History is not just names and dates. In fact, genealogy, if it is part of the general area of history, should not be just about names and dates. There is a famous quote from a movie that ends with the statement "There are eight million stories in the naked city. This has been one of them". Well, there are uncounted millions of stories about our ancestors that are still waiting to be told.


We need more than just names. We need more than just dates. We need a sense of place, a sense of the surroundings, the people and the events that made up the lives of our ancestors. Some people approach genealogy as if it were a contest, with the prize going to the one with the most names. If this is the case then why not simply look at all the online family trees, copy as many names as possible and declare yourself the winner.

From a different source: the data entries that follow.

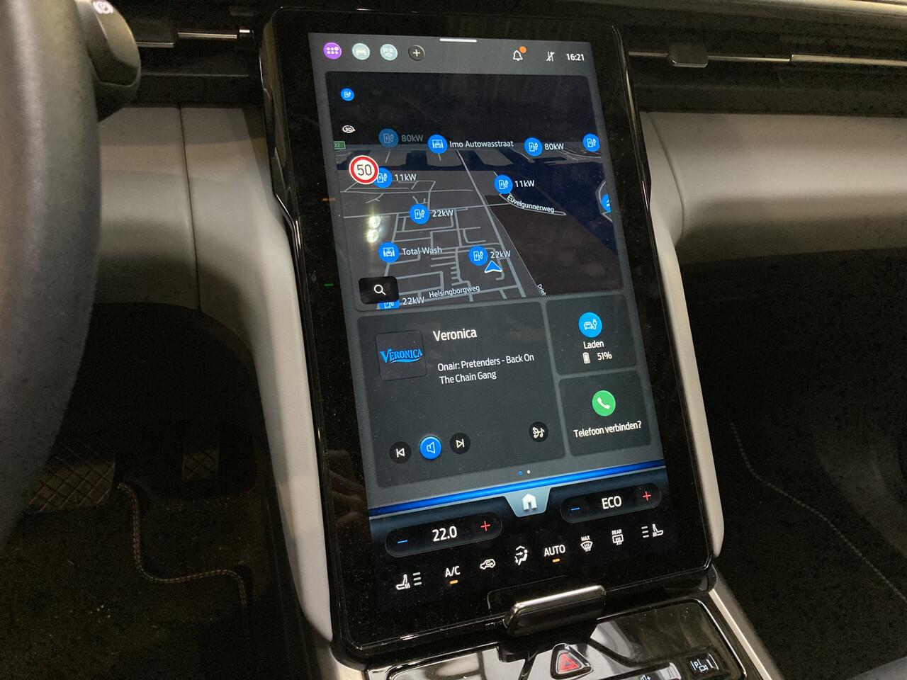 onder handbereik ziet u het grote touchscreen. Naast navigatie en bluetooth is het ook mogelijk om via Apple Carplay of Android Auto uw telefoon te koppelen. U kunt dan apps als Google Maps of Spotify op het grote scherm bedienen. Zo hoeft u nooit meer de navigatiekaart te updaten en staat u nooit meer onnodig lang in de file door zeer nauwkeurige verkeersinformatie. Het koppelen gaat draadloos zodat u de telefoon niet meer uit uw broekzak of jaszak hoeft te halen. Uw telefoon kunt u in het vak voor het touchscreen leggen zodat hij wordt opgeladen. Het scherm is bovendien te schuiven. In de achterste stand ligt het gelijk met het dashboard. In de voorste stand staat het scherm rechtop en steekt het boven het dashboard uit. Zo kunt u zelf bepalen wat voor u een fijne positie is. Achter het scherm is een verborgen ruimte die Ford de my private locker noemt. Een opbergruimte die in de achterste stand is afgesloten en is voorzien van 2 USB-C aansluitingen. Ook in de tunnelconsole is een groot afsluitbaar vak. Het is groot genoeg om een compacte laptop in de bewaren.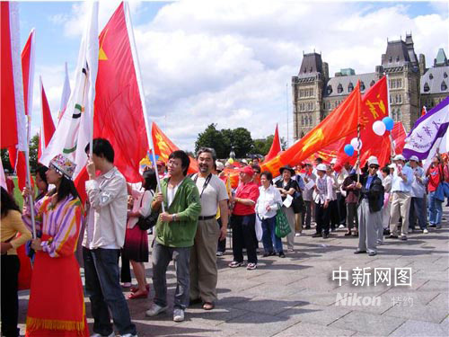 演出結束后游行開始,三組形態各異的獅子生龍活虎地在隊伍前面引路,身穿少數民族服裝的朋友高舉“同一個世界,同一個夢想!”的橫幅緊隨其后,接著是彩旗儀仗隊,幾十面奧運五環旗、北京奧運會旗及加中兩國國旗迎風招展。人們揮動手中的加中兩國國旗,熱情歡呼:中國加油!加拿大加油!北京奧運加油!游行隊伍長達一公里,最后到達渥太華市政廳。人們跳起秧歌,打起腰鼓,形成歡樂的海洋,一曲《歌唱祖國》表達了華人對祖國的思念。活動結束時,無數彩色氣球飄向空中,帶走渥太華華人對奧運的祝福,對祖國的祝福!(完)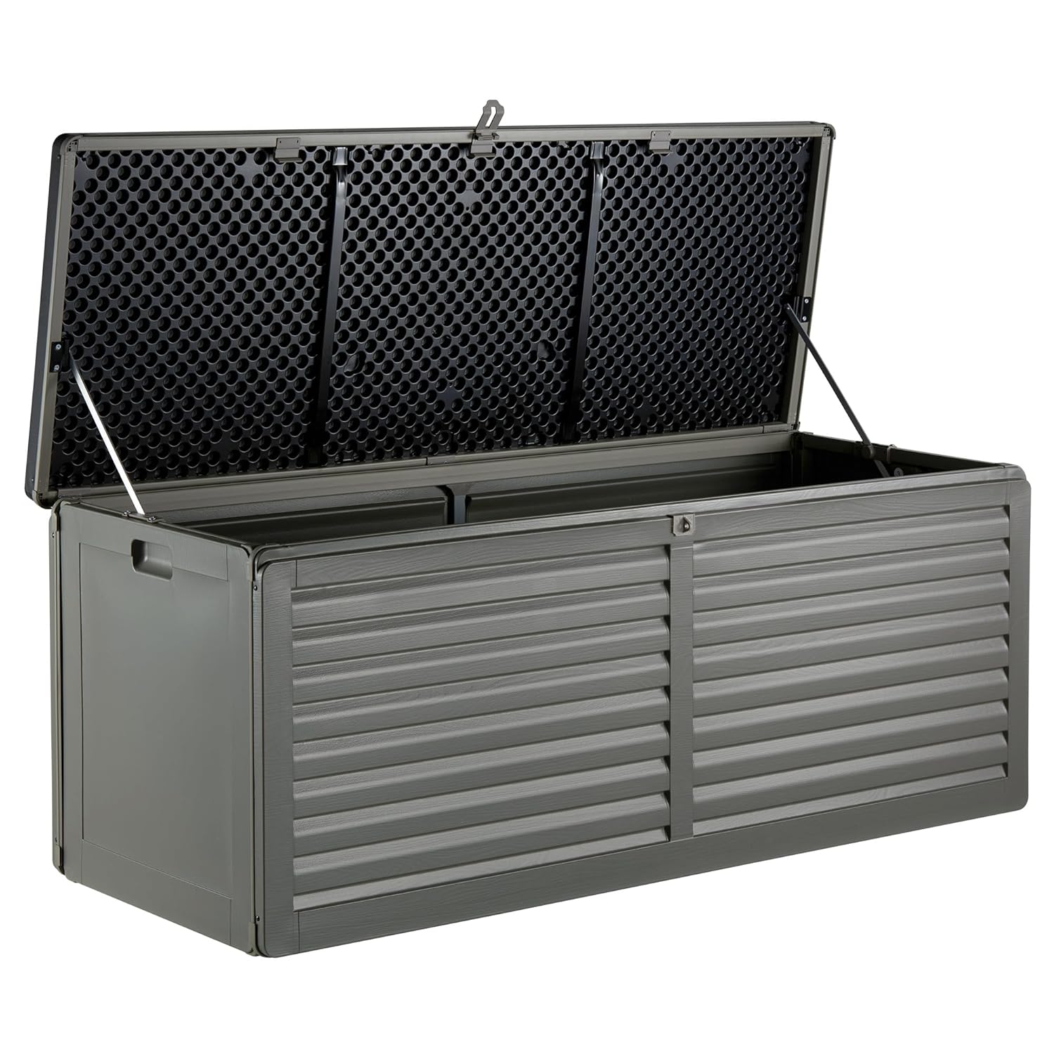 - SLAM-PROOF LID: Featuring two sliding bar hinges for smooth shutting and secure opening, your outside storage box is simple and safe to use. Enjoy easy access to a whopping 390L worth of garden essentials!

The stories of the lives of our ancestors is not the side show, it is the show. It is the main feature. Sometimes we think we don't have time to spend on mundane things like the lives of our ancestors; we are too busy pushing back the years and marking off the check boxes on our pedigree charts to waste our time with stories.


Surprise, the stories make the people and the people make the stories. The two are really inseparable.


When I was a lot younger we used to try to build towers of blocks to the ceiling. Inevitably we would get higher than our heads and someone would bump the stack and it would come crashing down. Building a pedigree further and further back in time is like a child's tower of blocks. There is really nothing holding it up and it is very likely it will come crashing down. Stories give a wide base that will sustain a lengthy pedigree. Your building blocks become even more stable when they are made up of complete families, rather than son to father or daughter to mother chains.


Let's broaden our base and build a suitable, long lasting structure. Will your children and your grandchildren hold you in high esteem because you were able to trace your lines back to the 15th century? Or will they only remember the stories? What if there are no stories to remember?


I must admit that when I started examining my own ancestry I was more interested in the names and filling the charts than I was in the stories that went with those names. But over the years I found that it was only through knowing the setting, the place, the surroundings, the people and the events, that I was really able to be sure the names were correct. How do you tell the difference between five men named John Morgan, all living in the same town without examining the history, surroundings, place, setting, and the events of those people and all of the others living in that same town. Or you could, like has been done countless time before, simply give up and pick one of the five, preferably the one with the most illustrious ancestors that are the easiest to trace.


People sometimes look at me as if I have lost my mind every time I suggest that they read the newspapers or a county history, or order a book about the place through interlibrary loan. Do you want to not care about the stories and get back to the interesting stuff, like names and dates?